Aloha! In addition to hula, hibiscus, sun, beach and surfing, the islands are also known for its exclusive coffee thanks to fertile volcanic soils. Kona Coffee is world famous
- In 1828, Arabic beans were imported from Brazil to Hawaii by Samuel Ruggles.
- The coffee growing area on Hawaii is Kona on the Big Island.
- Here the coffee rarity grows on the steep slopes of Mount Hualalai and the Mauna Loa volcano at a height of approx. 250 – 850 m.
- There are also other cultivation areas, such as Puna, Hamakua, Hilo and Kau, which mostly belong to families.
- Also on other islands of Hawaii coffee is cultivated: Kauai, Molokai and on Oahu
- In Hawaii, the world’s best coffee growing conditions prevail.
- Kona coffee is also referred to as the “champagne of coffee” or “the brown gold of Hawaii” and is the 5th most expensive coffee in the world.
- This can be celebrated accordingly – and every spring with the Kau Coffee Festival.
- The coffee is hand-picked and sun-dried.
- The cultivation is, however, predominantly ecologically oriented – as by the shade cultivation.
- “Extra Fancy” or “number one” means the highest quality level of Hawaiian coffees.
- The coffee has a full, almost nutty flavour, powerful body and a fine aroma with a light cinnamon note.
- It contains lots of caffeine.
- Caution when buying: Kona coffee is often sold as a 10% blend.

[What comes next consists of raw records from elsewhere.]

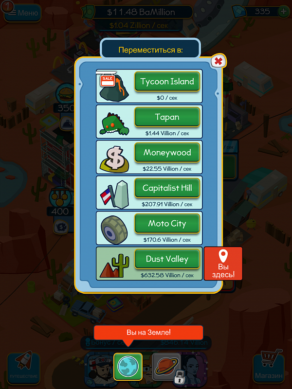 Основной задачей игры является покупка бизнесов (именно так они называются в игре) с последующим их улучшением. Вариантов бизнеса по четыре штуки в каждой локации, локаций шесть. Казалось бы – 24 бизнеса, делов-то. Но не тут-то было. Главный интерес заключается в апгрейдах, которые можно делать практически бессчетное количество раз. Если верить скриншотам на странице игры, тысячный уровень последний. Но поручиться не могу, меня хватило только на 424.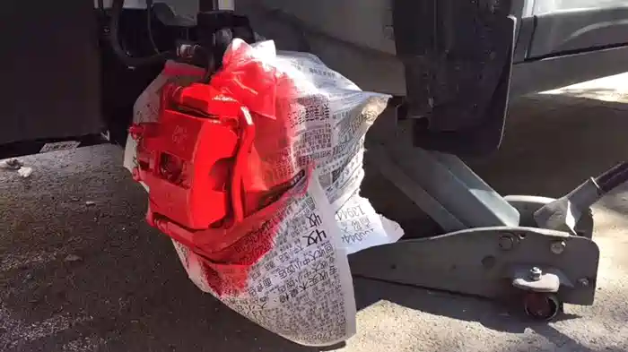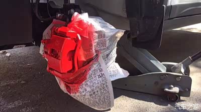 改装步骤:车轮卸下来,用纸胶带跟报纸把刹车钳以外的部分包好,用红色手喷漆喷红,要把刹车钳擦干净,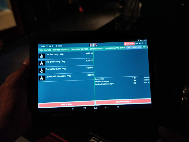 Loved the mix of Chinese & Thai  on the menu. The eclectic mix of dishes we ordered was delivered promptly by the machines. Especially lip smacking was the Hot Basil Mushroom & Thai Green Curry (Veg). The pan fried momos was rubbery and Khao Pad Namprik (Veg) could have been better.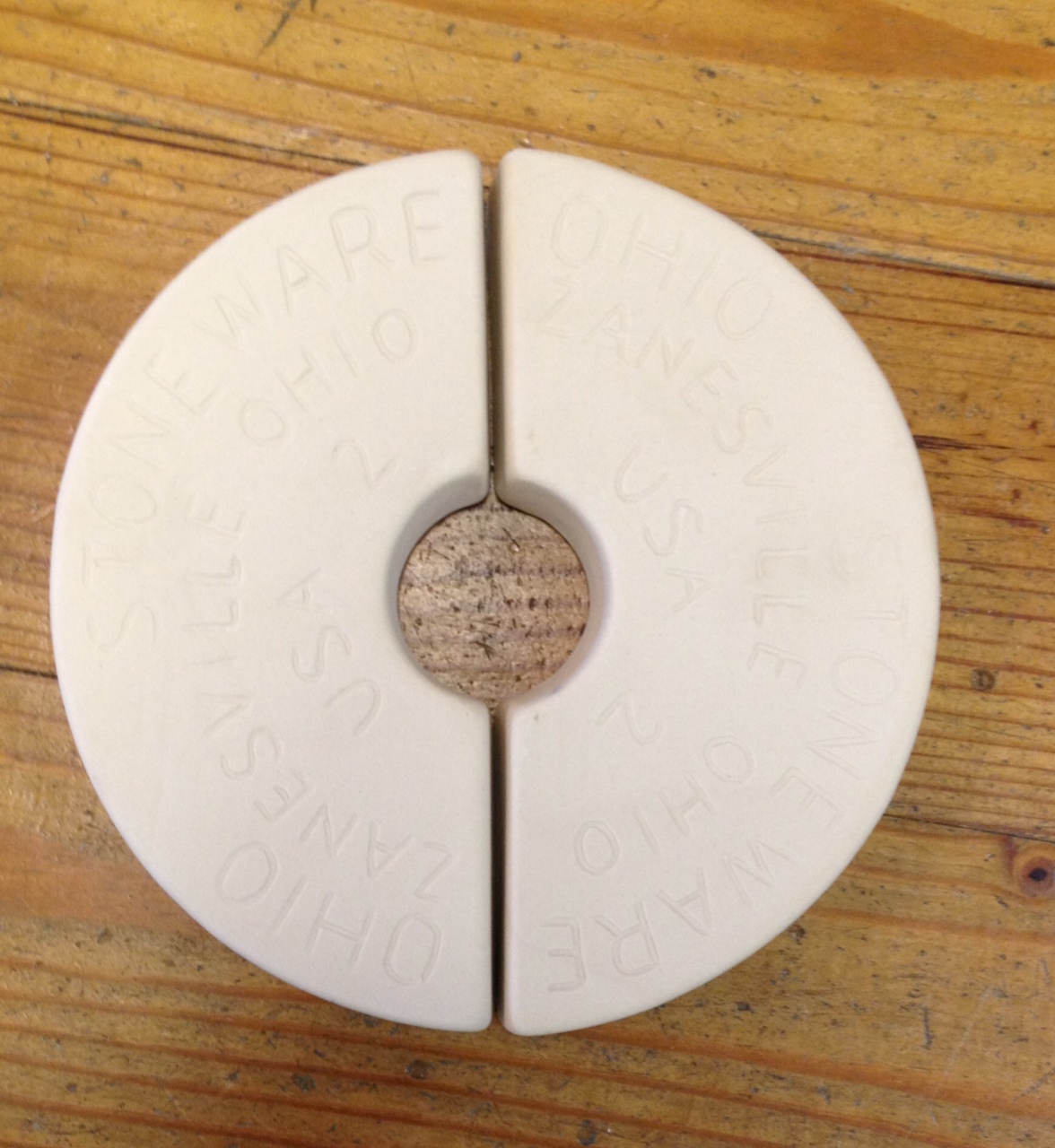 Two semi-circular stones are designed to fit inside a 2 gallon crock. The weights rest on top of food inside the crock and create pressure needed for proper fermentation.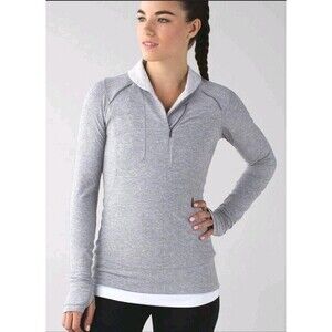 LULULEMON GRAY 1/4 ZIP STRETCHY ZIP POCKETS SWEATSHIRT PULLOVER SIZE 4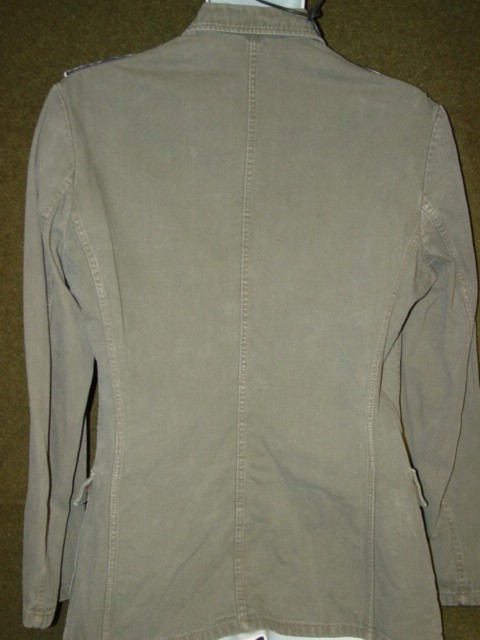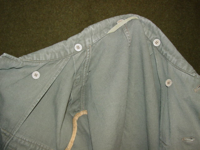 The inside collar has buttons made of cardboard. They were used to secure a hood. Shoulder boards are present
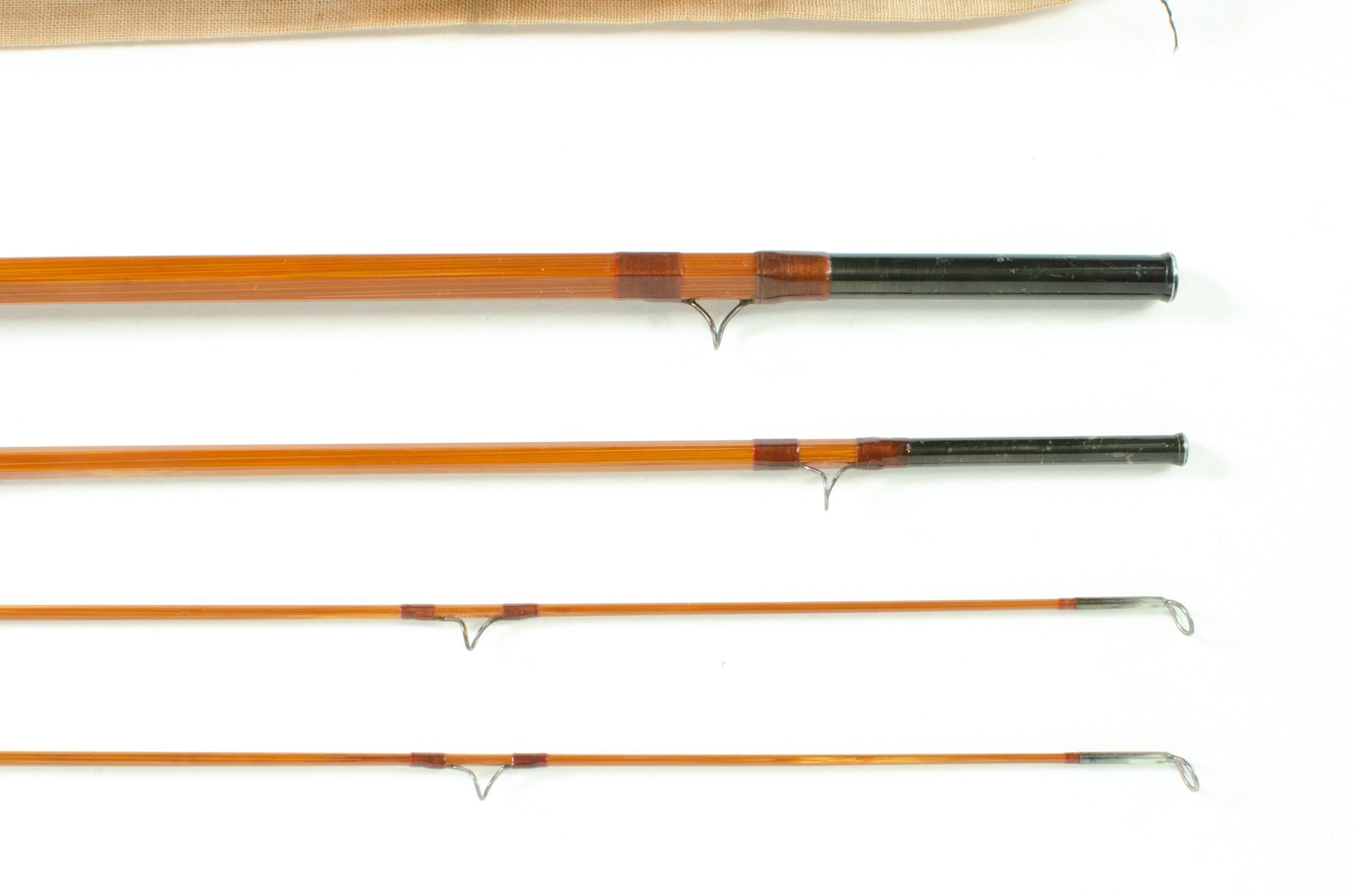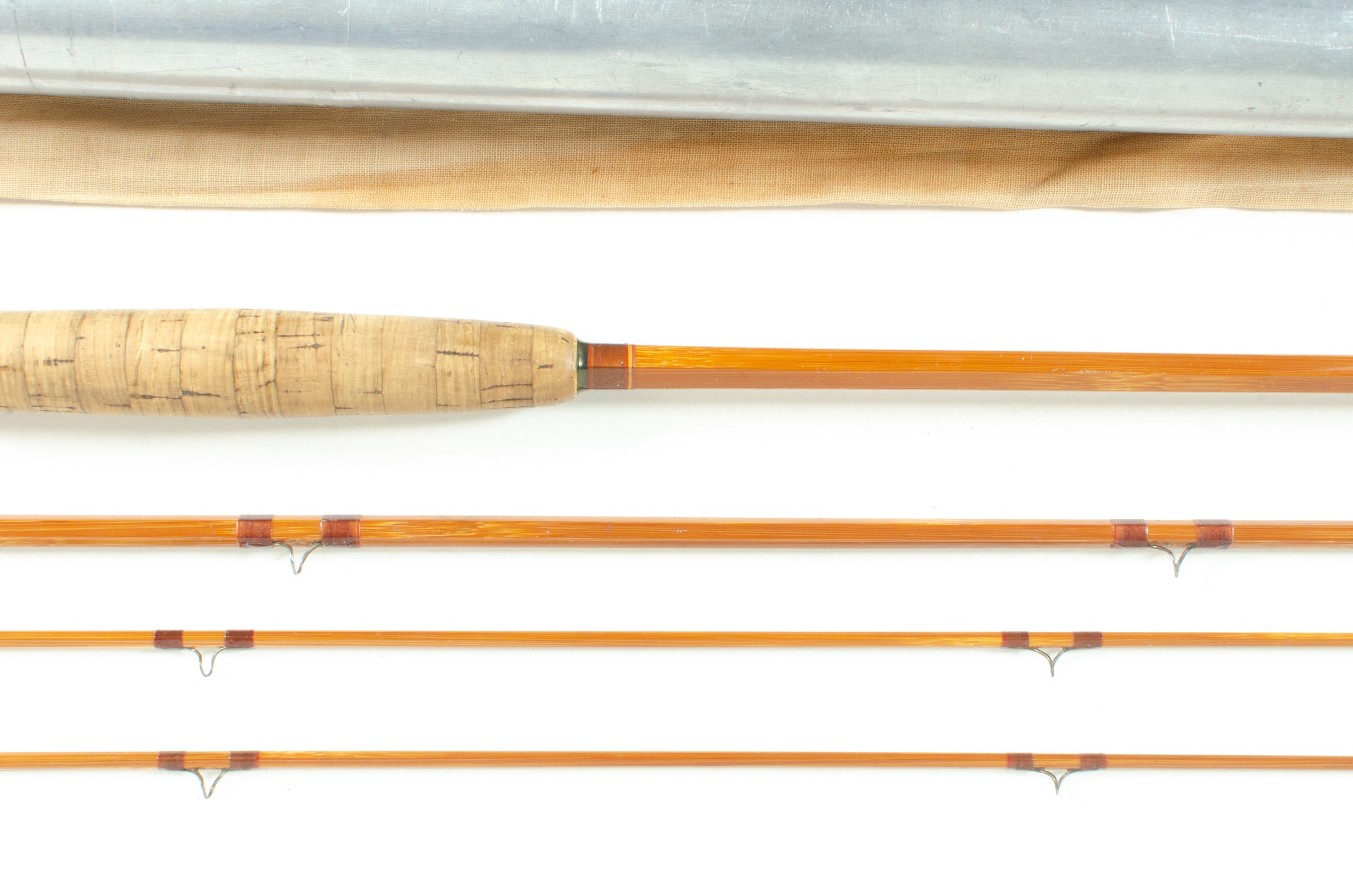 A Payne model 208 fly rod, 9', 3-piece, 2-tip, built for a #6 or #7 line. Medium fast action. Full length and with excellent ferrule fits. However, this rod has had some careful doctoring along the way. One tip has two areas of splinter damage and they have been glued down and varnished over. The entire tip had an excellent and very thin coat of varnish. Both tips and the upper mid have a downstream set. Overall, the varnish is very good with a small scrape on the mid the only problem. The wraps are brown with red edges and an extra band of yellow and red at the keeper and male ferrules. The tip tops are wrapped red-brown-red. The keeper is one flat right. The grip is a medium cigar 6" long and has been chemically cleaned at least once, witnessed by the thin dark lines between corks. Thankfully no scrubbing or sandpaper was used. The reel seat is a flatted Spanish cedar cap and ring. The butt cap has 75% of its original oxidation but the ring retains only about 5%. The cap is stamped "Payne" in the cartouche and "Reg U.S. Pat Off". On the reverse "Sold by, Abercrombie & Fitch Co., New York". The tube looks original and the cap has white felts, but no ferrule plugs. The bag is a cheap replacement.

No idea how you hold that, but I do not dilute my champagne with sparkling wine 😉
Hawaiian Coffee Preparation
- With the French Press or the Drip method.
- Ground coffee freshly before preparation – not too fine.
- 1 tbsp (8.5 g) ground coffee per cup (120 ml). The water should be 90 ° C.
- For those who do not want it black, add washed raw sugar from Hawaii and fresh cream.
- 90 ml Kona Coffee, 90-120 ml Kona Coffee Liqueur, Caramel Syrup, Raw Sugar and combinations of either 90-120 ml Grand Marnier or Absolut Vodka.
- Mix with a sugar cane and serve cold.